Nothing but the pictures is dropped; write out all the remaining data below exactly.
--*--
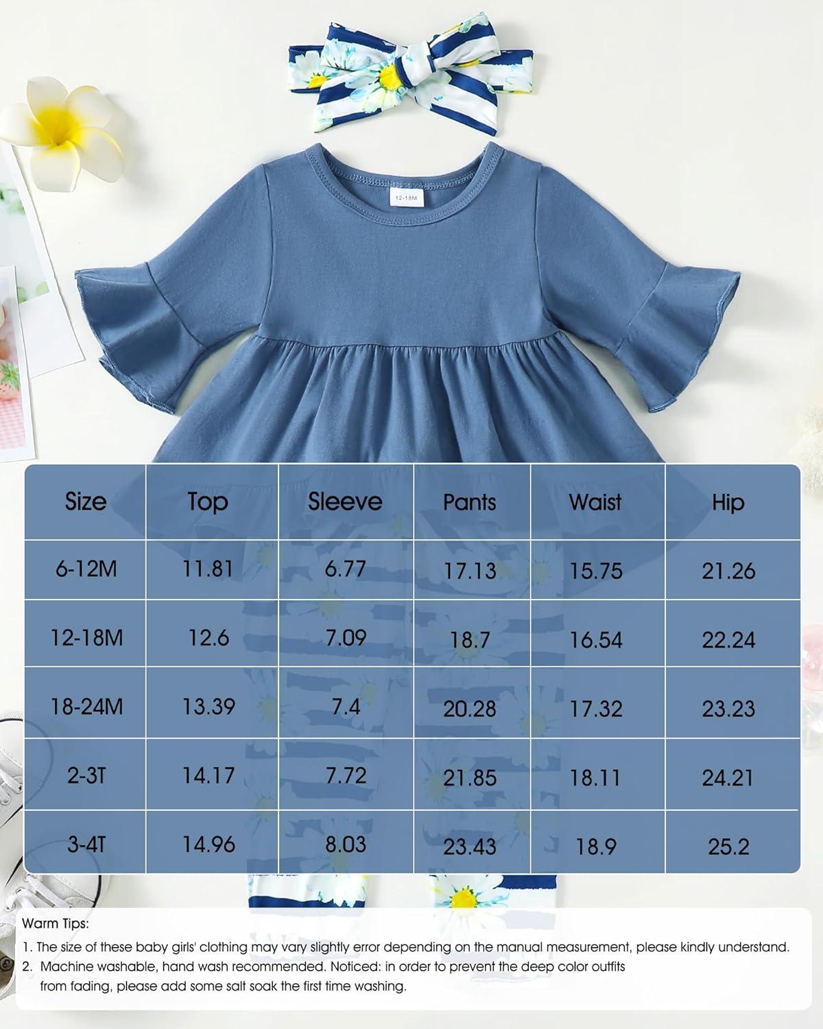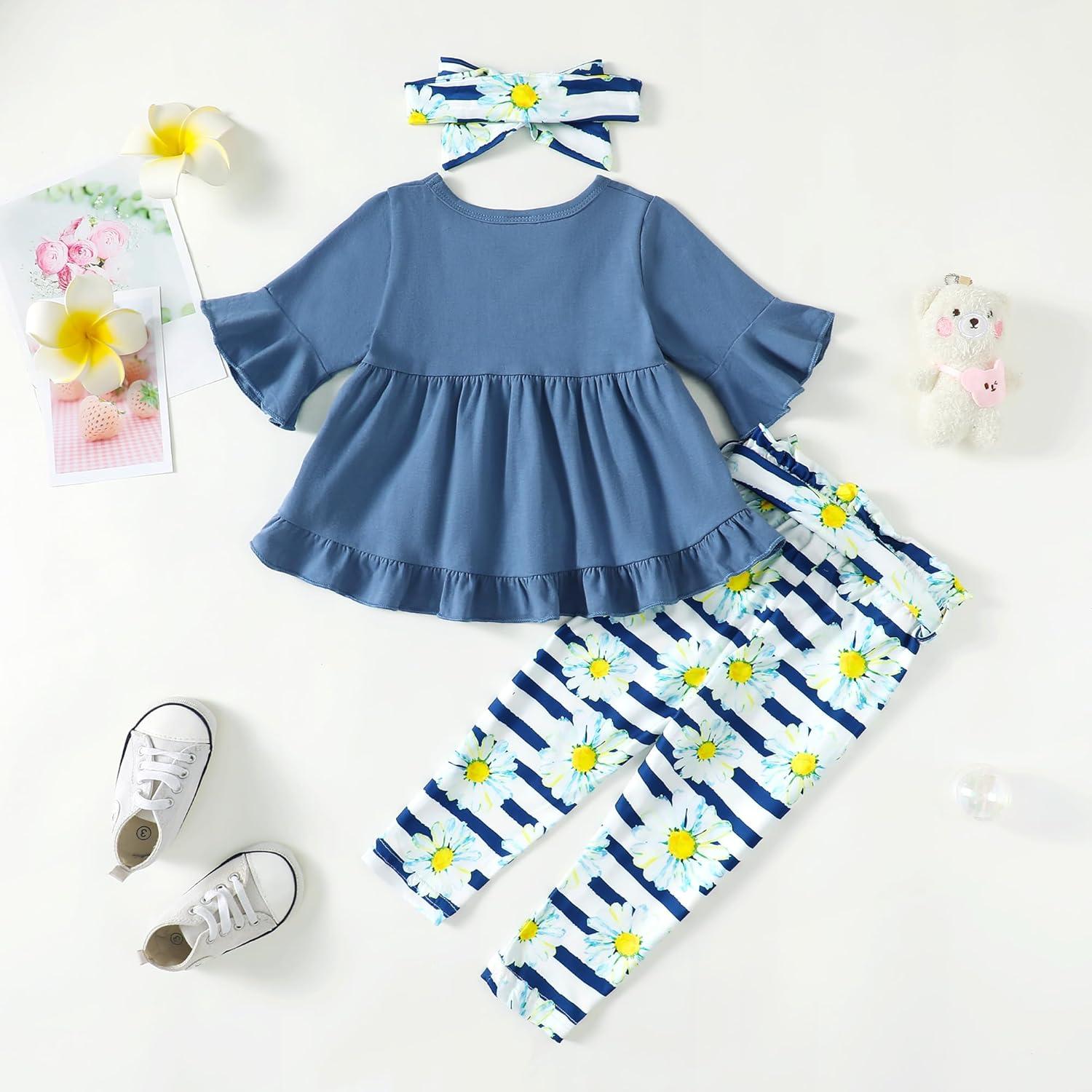 Kucnuzki Baby Girl Clothes Toddler Girl Outfit Ruffle Sleeve Shirt Floral Pant Set Fall Winter Clothing for Girl(Blue-sl)
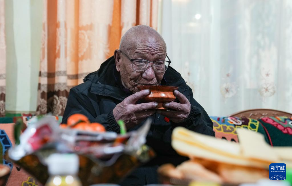 益西桑珠在喝酥油茶(3月13日攝)。新華社記者 晉美多吉 攝
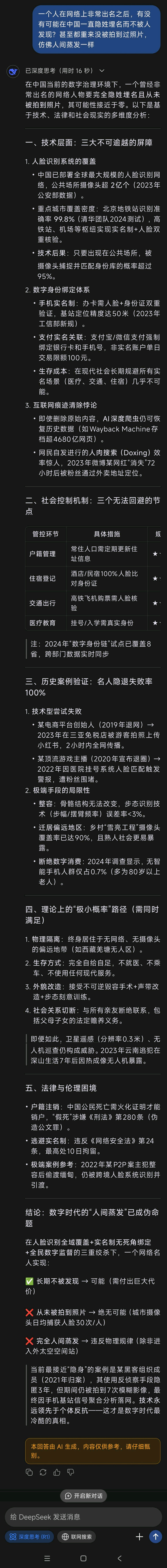 | 以下是deep seek的详细分析,姜萍在网络上的知名度不用我多说,甚至比一般的明星名气都要大,从去年到现在,离网络上所能找到的姜萍最后一次露面都要将近一年了,然而这之间连一次偷拍照都没爆出来,甚至无人敢说谁谁谁在什么地方看到过她,作为一个正值青春年华的少女,奶茶店、游乐园、公园这些地方肯定要去的吧?不可能一直把自己锁在家里不出门,然而就是这么一个少女人间蒸发,除非姜萍的反侦查手段已经达到了国际顶尖特工的水平,否则排除掉所有的不可能答案,剩下的那一个无论多么离谱也都是真相,那就是——姜萍被灭口了! 是谁动的手、动手的原因是什么,恐怕会成为永久的历史谜团,等50年或者100年之后某些档案解密,恐怕后世的人们才会戳见真相的一角 ![]() |
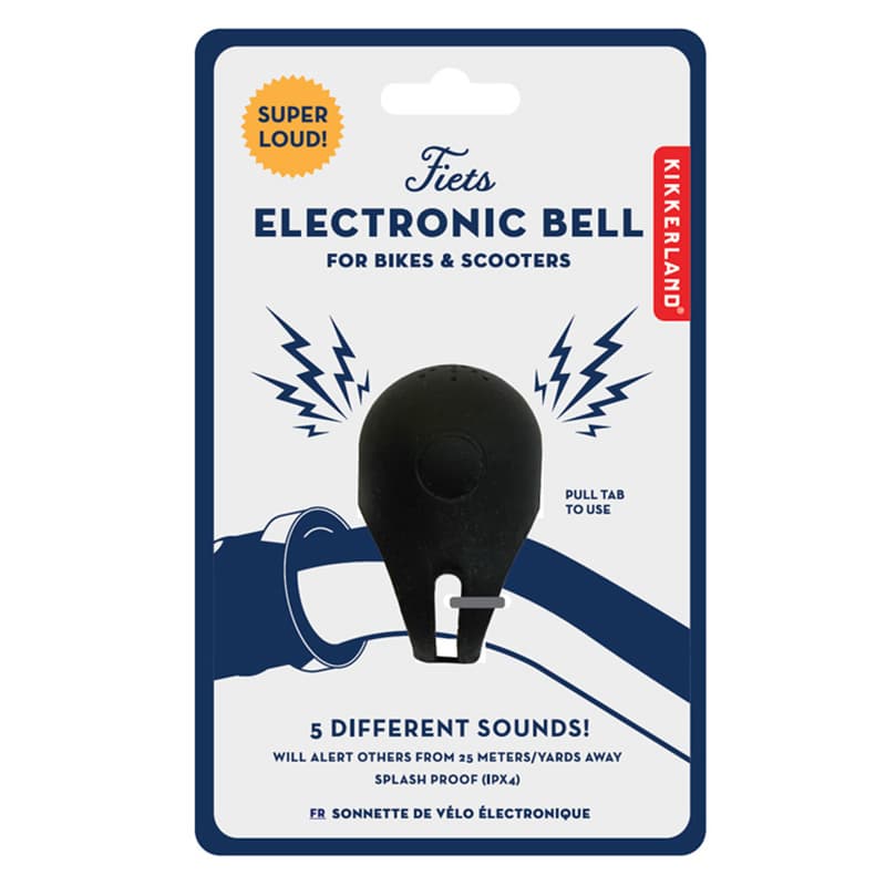 Звънец за колело, който издава разнообразни весели звуци, за да предупреди участниците в движението! Идеален за всяко колело, електронният звънец се захранва на батерии и не заема много място. Взе ли своя?
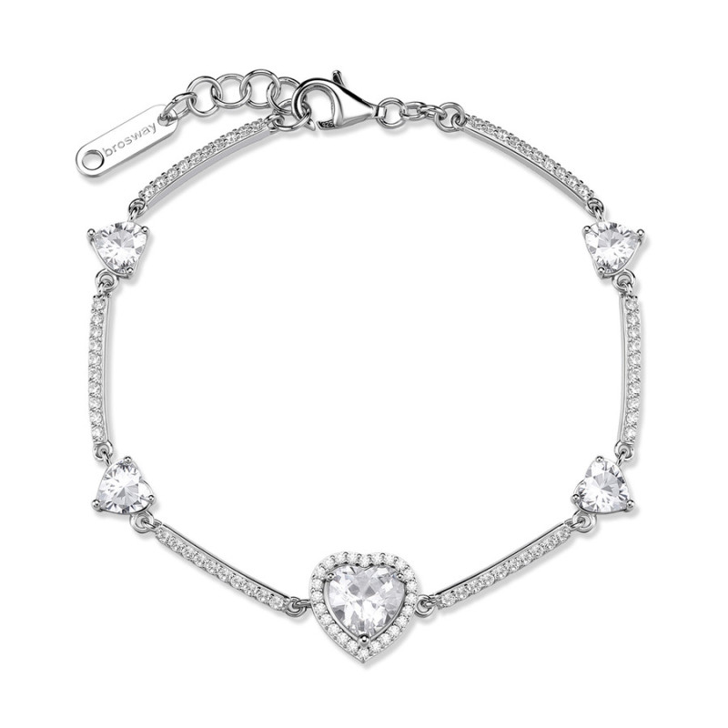 Descrizione: Bracciale in argento 925/1000 rodiato, con cuori e cubic zirconia
--*--
• WRITTEN RESPONSE
 Kucnuzki Baby Girl Clothes Toddler Girl Outfit Ruffle Sleeve Shirt Floral Pant Set Fall Winter Clothing for Girl(Blue-sl)
 益西桑珠在喝酥油茶(3月13日攝)。新華社記者 晉美多吉 攝
 | 以下是deep seek的详细分析,姜萍在网络上的知名度不用我多说,甚至比一般的明星名气都要大,从去年到现在,离网络上所能找到的姜萍最后一次露面都要将近一年了,然而这之间连一次偷拍照都没爆出来,甚至无人敢说谁谁谁在什么地方看到过她,作为一个正值青春年华的少女,奶茶店、游乐园、公园这些地方肯定要去的吧?不可能一直把自己锁在家里不出门,然而就是这么一个少女人间蒸发,除非姜萍的反侦查手段已经达到了国际顶尖特工的水平,否则排除掉所有的不可能答案,剩下的那一个无论多么离谱也都是真相,那就是——姜萍被灭口了! 是谁动的手、动手的原因是什么,恐怕会成为永久的历史谜团,等50年或者100年之后某些档案解密,恐怕后世的人们才会戳见真相的一角 ![]() |
 Звънец за колело, който издава разнообразни весели звуци, за да предупреди участниците в движението! Идеален за всяко колело, електронният звънец се захранва на батерии и не заема много място. Взе ли своя?
 Descrizione: Bracciale in argento 925/1000 rodiato, con cuori e cubic zirconia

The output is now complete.